Forty Stories
- First edition cover
- Author: Donald Barthelme
- Publisher: G.P. Putnam's Sons
- Publication date: September 1, 1987
- ISBN: 978-0-399-13299-5

= Forty Stories =

Short story collection by Donald Barthelme

Forty Stories collects forty of American writer and professor Donald Barthelme's short stories, several of which originally appeared in The New Yorker. The book was first published by G. P. Putnam's Sons in 1987.

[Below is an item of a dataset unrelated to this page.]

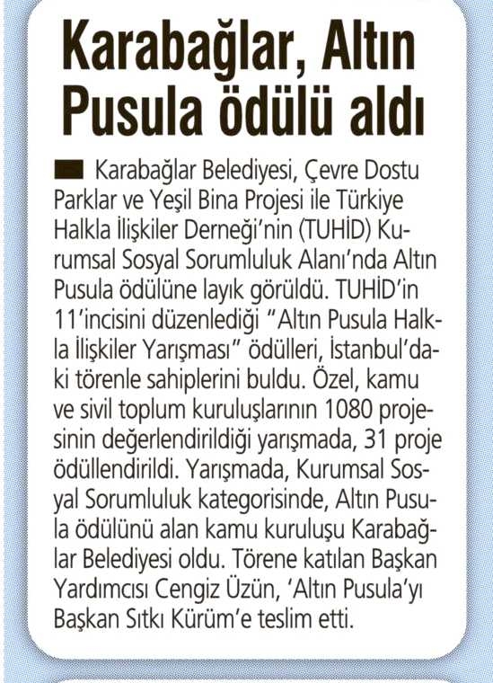 Karabağlar, Altın Pusula Ödülü Aldı / Yeni Asır

While Sixty Stories includes many longer narratives, the stories in Forty Stories are pithy. Many last for fewer than five pages, and display Barthelme's flash fictional tendencies. They also abound in historical references and surreal juxtapositions. One story involves a World War I Secret Police investigator, a trio of German warplanes, and the artist Paul Klee. Another is a parodic rewriting of the fairy-tale Bluebeard, perhaps inspired by Angela Carter's story "The Bloody Chamber." Yet another consists of a single seven-page-long sentence (without a concluding period).

== Contents ==
1. Chablis
2. On the Deck
3. The Genius
4. Opening
5. Sindbad
6. The Explanation
7. Concerning the Bodyguard
8. RIF
9. The Palace at Four A.M.
10. Jaws
11. Conversations with Goethe
12. Affection
13. The New Owner
14. Paul Klee [full title: "Engineer-Private Paul Klee Misplaces an Aircraft Between Milbertshoffen and Cambrai, March 1916"]
15. Terminus
16. The Educational Experience
17. Bluebeard
18. Departures
19. Visitors
20. The Wound
21. At the Tolstoy Museum
22. The Flight of Pigeons from the Palace
23. A Few Moments of Sleeping and Waking
24. The Temptation of St. Anthony
25. Sentence
26. Pepperoni
27. Some of Us Had Been Threatening Our Friend Colby
28. Lightning
29. The Catechist
30. Porcupines at the university
31. Sakrete
32. Captain Blood
33. 110 West Sixty-first Street
34. The Film
35. Overnight to Many Distant Cities
36. Construction
37. Letters to the Editore
38. Great Days
39. The Baby
40. January

==Sixty Stories==
Sixty Stories, a companion volume to Forty Stories, was published six years earlier, in 1981. It contains stories from Barthelme's first six collections.